__What needs to be done__
Once the line containing "Felizmente, ninguém se" is reached in the listing below, reproduce it and all later lines through the final one exactly, but omit any pictures.

__Dataset section__
= = = = =
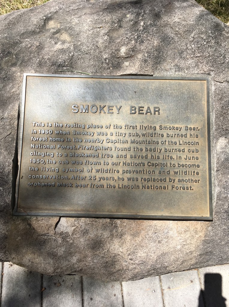 Smokey is buried in Capitan at the Smokey Bear Historical Park after living many years in the National Zoo in Washington. I’ve attached a photo of his burial plaque and a link to the park if you’re interested. We visited the park a couple of years ago with good friends, and it’s worth the trip.
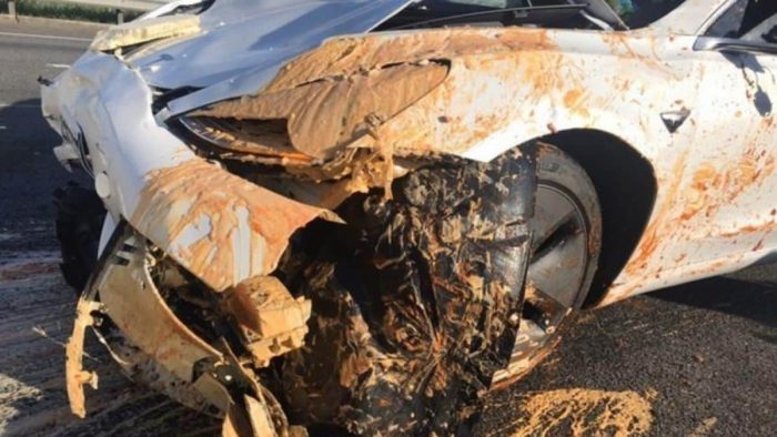 Felizmente, ninguém se feriu gravemente na batida, mas o Model 3 sofreu grandes danos e ficou coberto por um tipo de “molho”, segundo uma fonte.
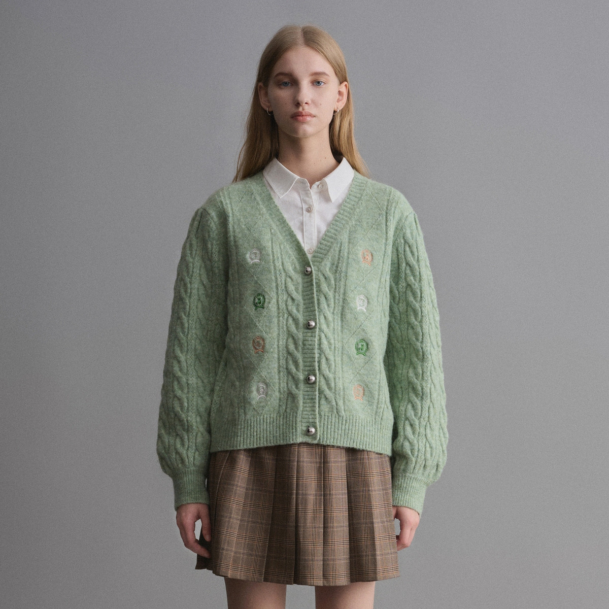【纯色开衫】针织衫女开衫长袖坑条简约格雷灰韩系 195473
= = = = =
__Task answer__
 Felizmente, ninguém se feriu gravemente na batida, mas o Model 3 sofreu grandes danos e ficou coberto por um tipo de “molho”, segundo uma fonte.
【纯色开衫】针织衫女开衫长袖坑条简约格雷灰韩系 195473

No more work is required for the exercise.